Затем есть и еще ряд ликов, что вошли в образ Соловьева, выражая разные грани его главного отличия: отличия, которое воспринималось как его странность, чуждость всему привычному, всякому земному укладу. Это – излюбленные, хрестоматийные облики: Соловьев – мистик–визионер, Соловьев – странник, Соловьев – аскет, юродивый, эксцентрик, чудак… они не выдуманы, они необходимы и органичны в образе, однако по их хрестоматийности на них нет нужды останавливаться сейчас. И после них остается, пожалуй, всего один лик, последний и самый важный для нас. Соловьев – первый русский мыслитель, построивший свою философскую систему и ставший основателем религиозно–философской традиции. Признаем, что это тоже символический лик: отец–основатель приобретает в ретроспекции черты архетипа, становится символом того, чему начало он положил. При внешней разветвленности и разрозненности, мысль Соловьева обладает тесным ядром из ряда крупных взаимосвязанных концепций большой продуктивности. Концепция
Как неоднократно писали, этот идейный комплекс удачно соединял в себе установки классической европейской философии и интуиции русско–православной ментальности, найдя некую равнодействующую, точку встречи между профессиональным философским дискурсом и славянофильскими поисками выражения аутентичного опыта русской и православной культуры. Отсюда открывались творческие возможности, и они оказались немалыми. По праву можно сказать, что весь период расцвета русской религиозной философии, или же религиозно–философский ренессанс, был лишь реализацией того мощного импульса развития, который задала русской мысли философия Соловьева. И это значит, что в очередной раз феномен Соловьева выступает как символ: символ плодотворного единения начал западного и русско–православного разума.

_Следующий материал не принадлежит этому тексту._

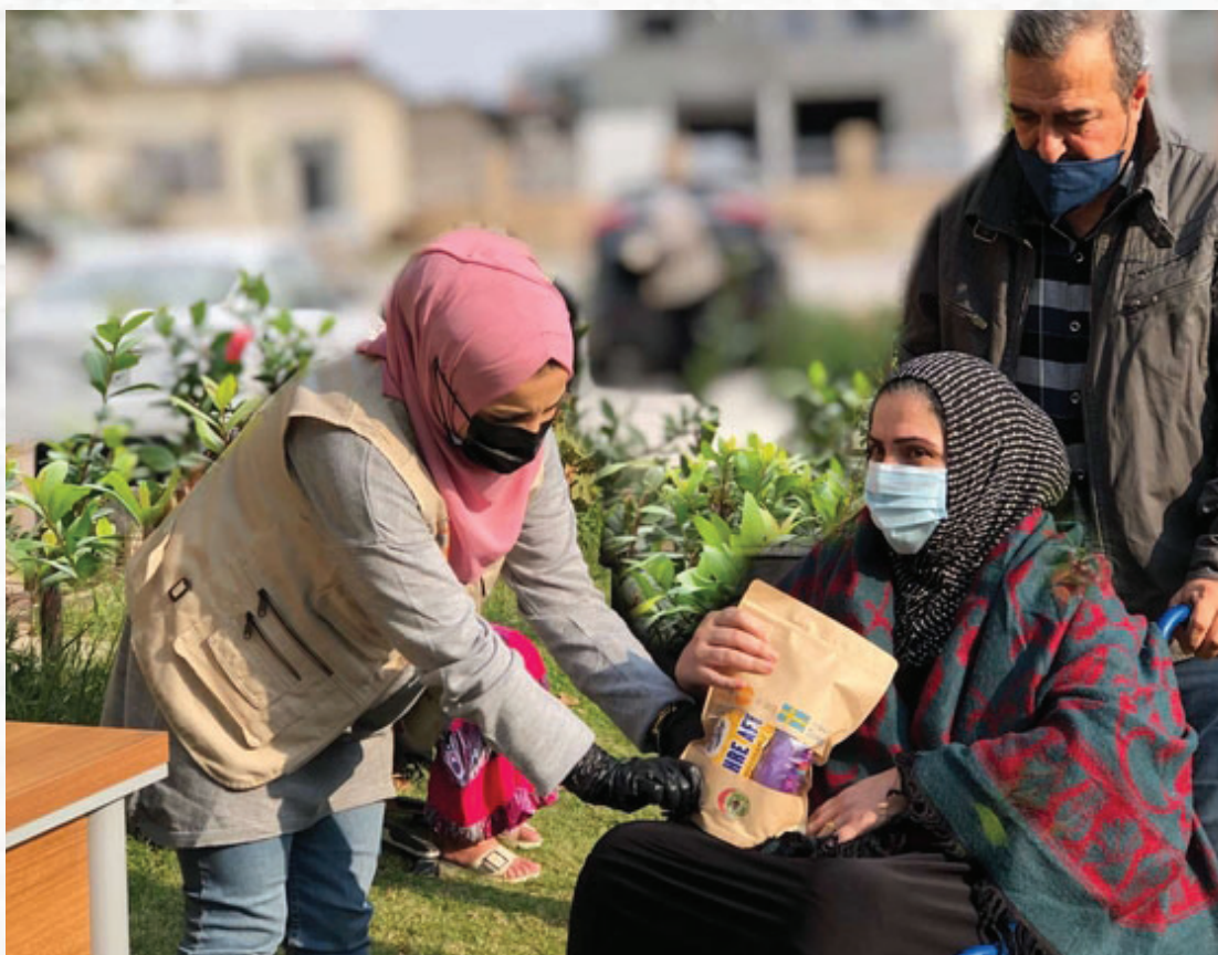
Making sure that people with disabilities have access to high quality services.

The report pointed out that the pandemic provided an opportunity to address accessibility problems for persons with disabilities. It concluded with a comprehensive set of recommendations for donors, international organizations, civil society organizations, policymakers, service providers, academics, and governments. Only through a “ whole society approach ” could the world see a truly inclusive society where the needs and rights of all individuals are recognized and realized.
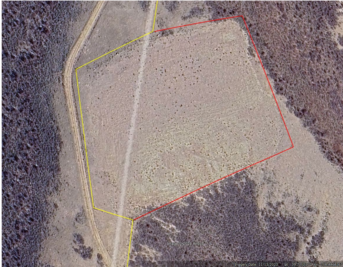
Photo 5: Continued from photo 4. Photo 2023 Google Earth aerial imagery showing the Location's perimeter fence remaining. Fence outlined in red will require removal.
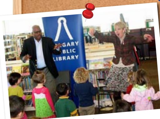
Story telling at Crowfoot Library.
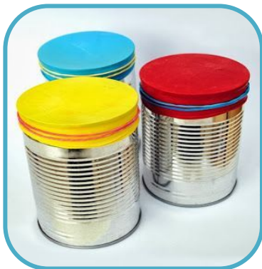
Tin Can Drum
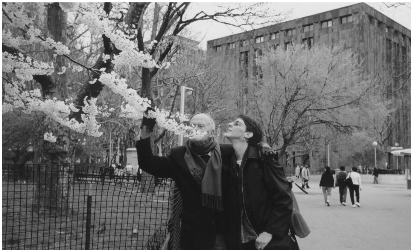
FIGURE 2. Jean Rouch in an antic moment en route to his retrospective, New York, April 2000.

works Moi, un Noir (1959) and La pyramide humaine (1961). Both films are set in Abidjan. The first film is set among migrants from Niger working in the slums of Treichville. The second is a drama created with black and white students in a fictional integrated high school class (a film credited as the precursor to his cinema verité classic, Chronique d'un Été [1961]).
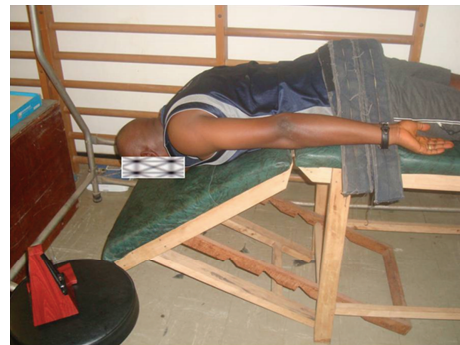
FIGURE 3: Downward phase of the Repetitive Arch-Up Test.
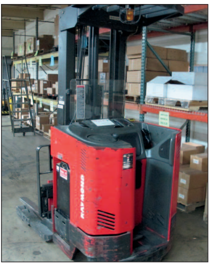
RAYMOND 3,000 LB ELECTRIC REACH TRUCK MODEL EASI
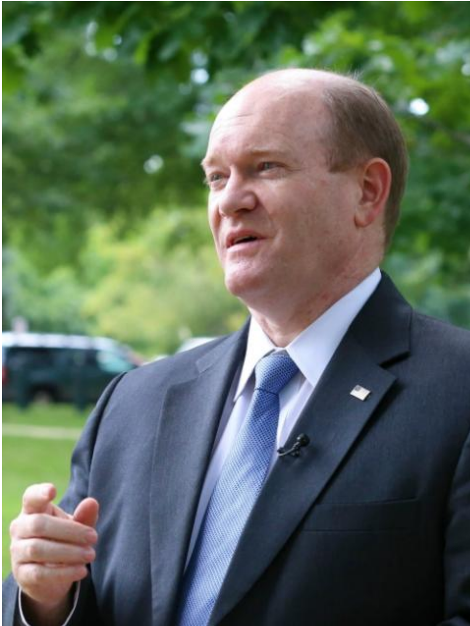
Sen. Chris Coons

Coons added that the faith community "can lift up the urgency" of the long-term consequences of climate change, "which is imminent and present in the experiences of so many around the world here in the short term, as well."
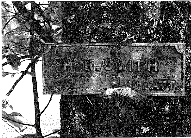
Name plaque at Skipton.
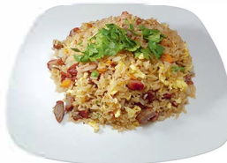
CƠM CHIÊN XÁ XÍU Roasted pork fried rice $12.00
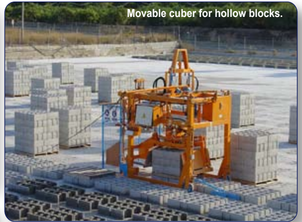
Movable cuber for hollow blocks.
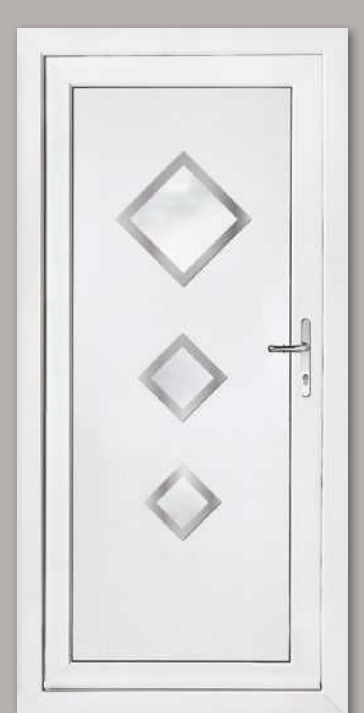
Modern 5123 Colour White
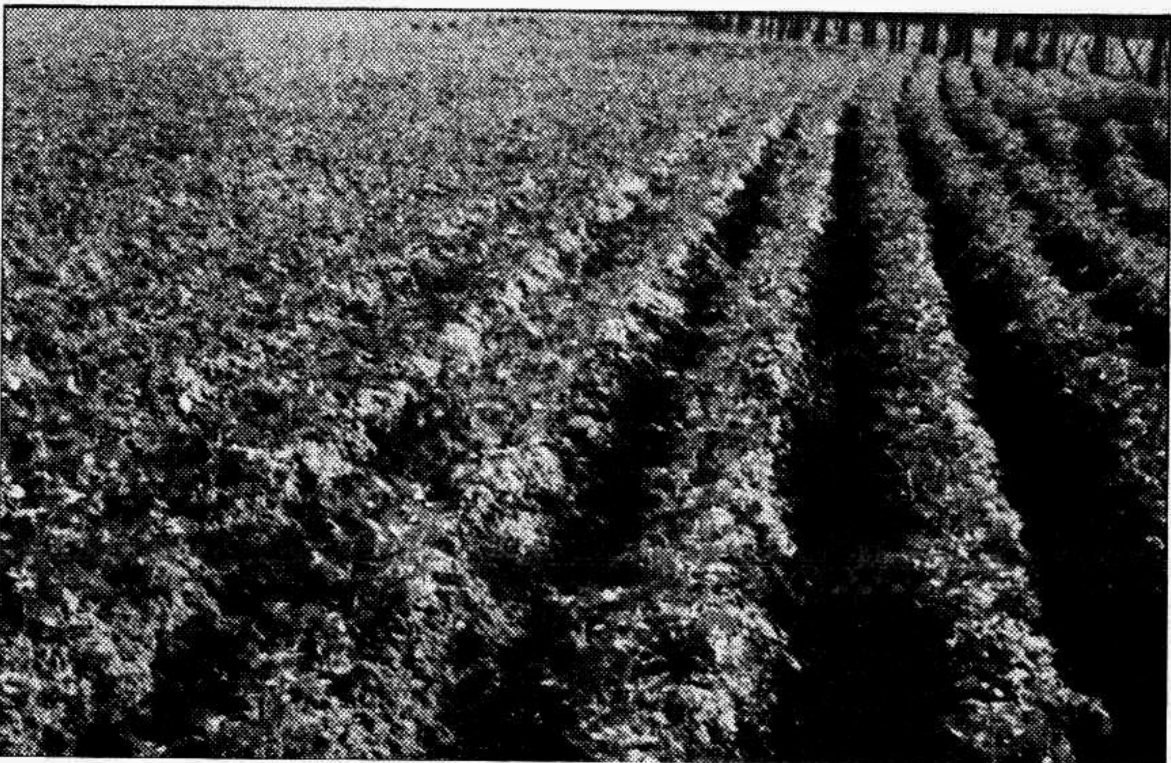
A potato field in Chandpur.

growers are not in a position to store potato for selling in future at a higher price. They are now in need of money to repay their loans and other expenses. So the poor farmers are compelled to sell their products at low price. There are only six large size cold storages in the district for preservation of potatoes. Rich people have already booked these cold storages in advance. Poor and marginal growers find it difficult to preserve potato. The middlemen are now buying potato in bulk and making preparation to store potato in cold storages. They sell these potatoes in the lean period to get much profit.
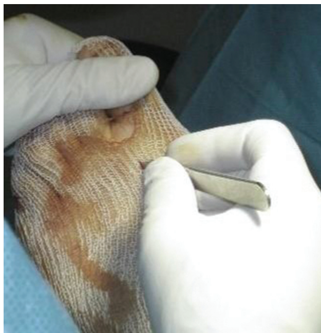
Fig. 1 Percutaneous release of the adductor hallucis tendon.
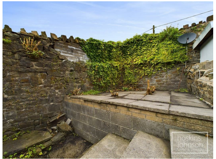
Paved yard with terraced, paved garden.
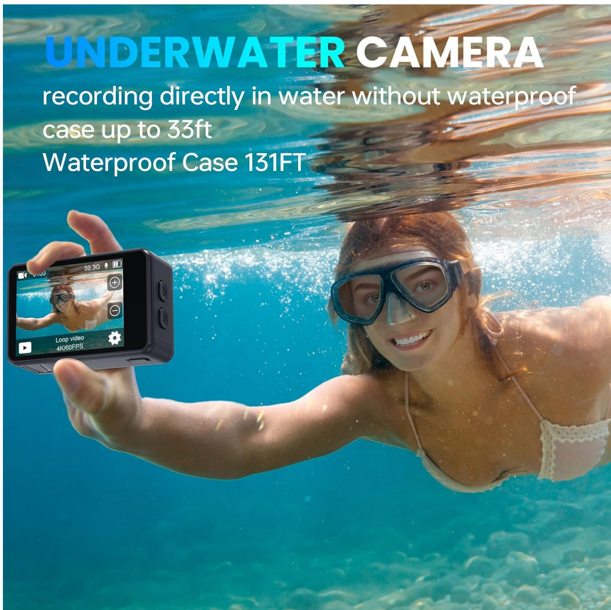
Figure 5: The camera is designed for underwater use with its waterproof case.
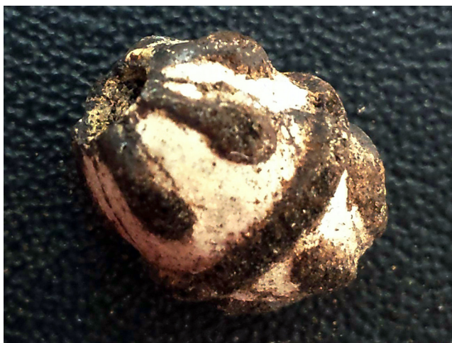
Figure 6. Type 4A from Jamestown, Virginia (photo: Bly Straube; collection of the Jamestown Rediscovery Foundation).

The Jamestown specimen is the only one found in a tightly dated context. It was recovered from the well John Smith ordered the colonists to dig in 1608, which was filled in upon the arrival of Lord De La Warr in 1610 (Merry Outlaw 2016: pers. comm.). This find confirms that frit-core beads spill over into the first decade of the 17th century. Thus, while the 1580-1600 date range is viable for frit-core beads in southern Ontario, it seems to be a bit restrictive for some of those found elsewhere. A more accurate date range for beads recovered from sites outside southern Ontario might be 1560-1610 or even later.
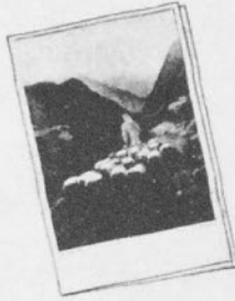
"He Leadeth Me" 8 FO 5492 A beautiful and awe-inspiring design of the Shepherd leading His flock! Gorgeous color harmony with mountains, rocks and trees.
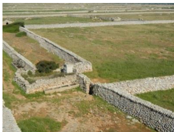
Fig. 40. Punta Nati near Ciutadella (Minorca), Spain.
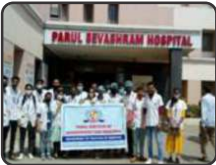
Visit of NICU- 4th BHMS- PRACTICE OF MEDICINE
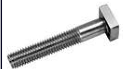
Square Head Bolts
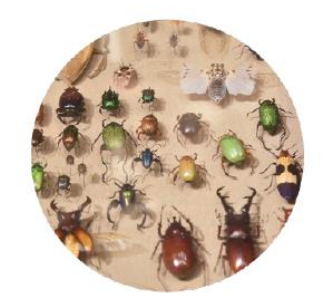
4 million objects & specimens from every WI County to deep in space
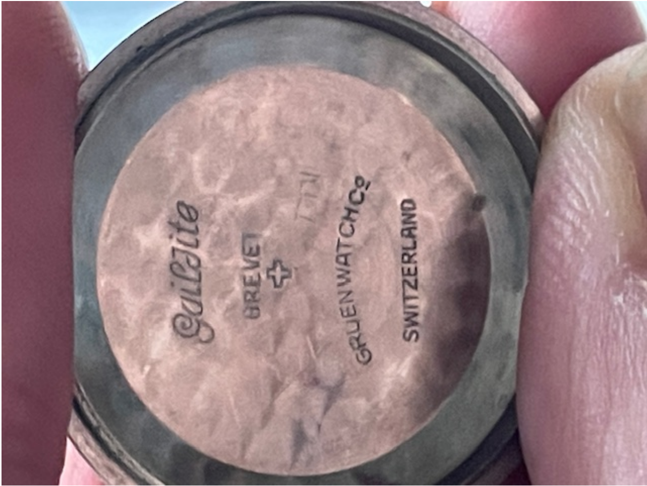
5) IMG_7579.JPG , downloaded 2088 times
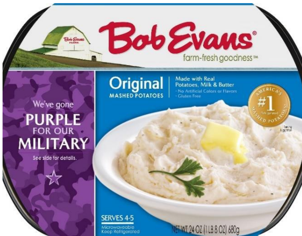
Id. ¶ 4.

restaurants—as refrigerated, ready-to-eat products. Id. ¶¶ 1–2. The Mashed Potatoes’ packaging contains several statements, including, on the packaging for the Original product, “Made with Real Potatoes, Milk & Butter.” Id. ¶ 4. Each variety’s packaging also says “farm-fresh goodness” toward the top, directly below the Bob Evans logo. Id. The packaging for the Original variety depicts an image of the Mashed Potatoes in a bowl, topped with a pat of melting butter and labeled “Serving Suggestion[.]” Id. ¶¶ 6–7. The backs of some of the varieties’ packaging state “Made with Real Milk & Butter” and either “Made with Fresh Potatoes” or “Made with 100% Fresh Potatoes[.]” Id. ¶ 5. The Mashed Potatoes’ back packaging also states the products’ nutrition facts and ingredients. ¶ 8. Thus, the front packaging for the Original product appears as follows:
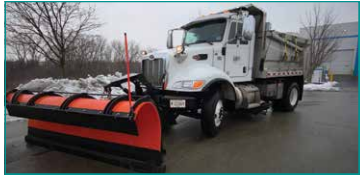
Peterbilt Truck with Stainless Steel Salt Spreaders and Dump Bodies

The Fleets Division has made changes to its heavy truck purchases over the last few years. The Division is now purchasing Peterbilt trucks with stainless steel salt spreaders and dump bodies. The Division will continue to service and repair over 350 vehicles and pieces of equipment serving various Village Departments. In house repairs and maintenance allows for a quick turnaround and lower costs made possible by our three highly trained mechanics.
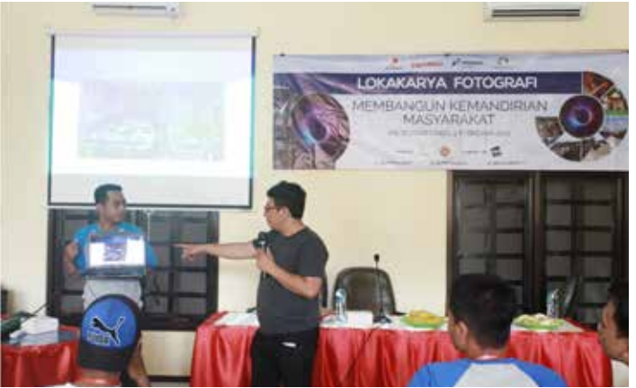
▲ February 4, 2017. EMCL together with Bojonegoro Community Information Network and Gayam Youth Organization conducted the 2017 Banyu Urip Workshop and Photography Competition. The series of events were started with a photography workshop held at Business Incubator Program building at Gayam sub district.
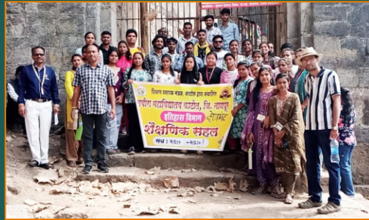
Educational Field Visit to Devgad Fort by the PG Dept. of History
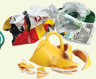
Crockery and all soft plastics

All this rubbish will be buried in a landfill.
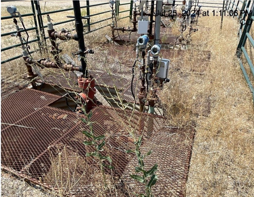
Photo # 3342 Dead weeds/debris near wellheads that is causing a fire hazard
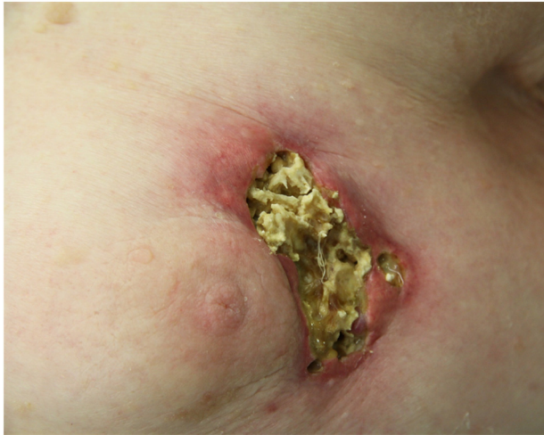
Fig. 1 – Exulcerated tumor in the right breast.

seromas, hematomas, inflammation, and locally high radiation dosage. 1
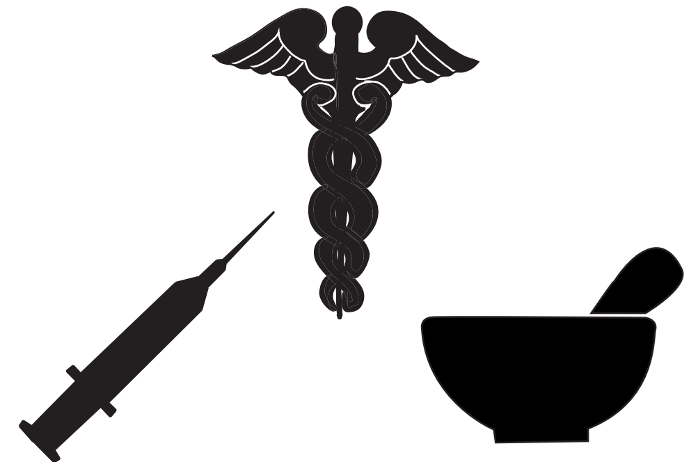
Conventional and sometimes addictive medicines.
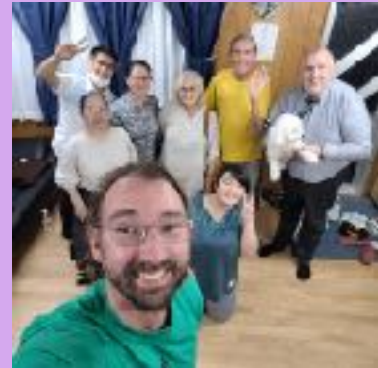
Left: Japanese Youth baptized in Jesus name. One week earlier he got filled with the Holy Ghost. Above: Small group meeting in Miyako Island

We are working in both Okinawa and Miyako islands. This month we were hit with yet another typhoon in Miyako Island. There was not much damage as in the previous typhoon. However the food supply is always delayed as food is shipped in and these ships do not come to these islands during typhoons. This typhoon did not interrupt us. In fact it seems we are having more determination to gather together for prayer and for bible studies and fellowship! We are seeing amazing results with the youth in the Uruma city campus. So thankful for Aimer
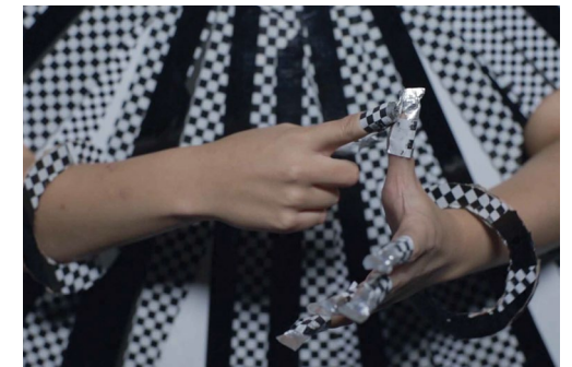
← Assisted performance sculpture Paint, wood, tape, plastic, cardboard, various materials.
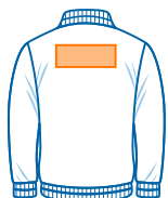
UPPER BACK 14"W x 4"H
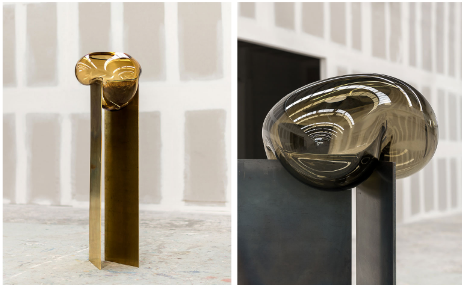
Steel, brass and stone are found in a dialogue with glass. Pictured: 'Precarius 1' and 'Precarius 5'
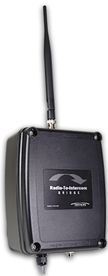
Radio-to-Intercom Bridge Make PA announcements through your wired PA System with your 2-way radio
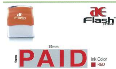
36mm 9mm PAID Ink Color RED A E STOCK STAMP RM11
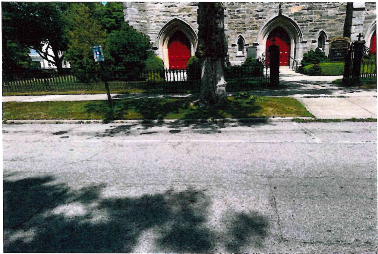
First Congregational Church-accessible parking space-North of entrance
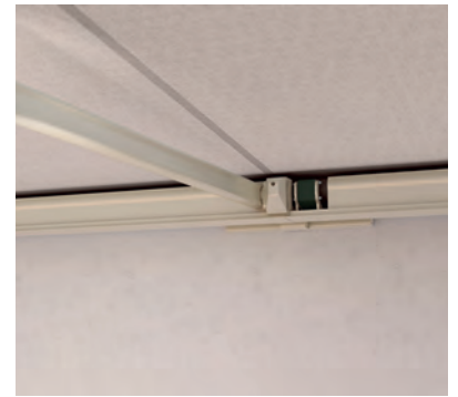
Roller tube blind

То, что мы бегло описали, есть канонический образ Соловьева, каким его вылепили прямые наследники, русский символизм и Религиозно–философский ренессанс. Удивительно, что последующая история, вплоть до наших дней, почти не внесла в этот образ существенных изменений. Культурное сознание менялось радикально, на смену символизму пришли другие течения, за ними третьи, сменились сами принципы видения и подхода к реальности – но созданный символизмом образ Соловьева остался, быть может, самым устойчивым его наследием. Альтернативные версии были немногочисленны и слабы. Конечно, они начали возникать еще прежде канонического образа, в порядке неизбежной реакции на странность и новизну феномена Соловьева. В консервативных церковных кругах у философа не могла не родиться репутация безумца (таково было прочное мнение Победоносцева), лжепророка («Ложный пророк» – название известной статьи Антония Храповицкого о Соловьеве), ересиарха. Забавным образом, отсюда недалеко и восприятие Соловьева в кругах, прямо противоположных, «передовых»: в среде безрелигиозной интеллигенции, позитивистски настроенной профессуры… Для полноты можно упомянуть и рецепцию Соловьева в «советской философии», где он выступал в качестве ведущей фигуры лагеря мракобесов–идеалистов, чьи лжеучения помогали держать массы под ярмом угнетателей. Понятно, что все такие подходы не порождали и не могли породить состоятельной альтернативы символистскому образу. Единственным дополнением к нему были штудии отдельных тем творчества или биографии мыслителя.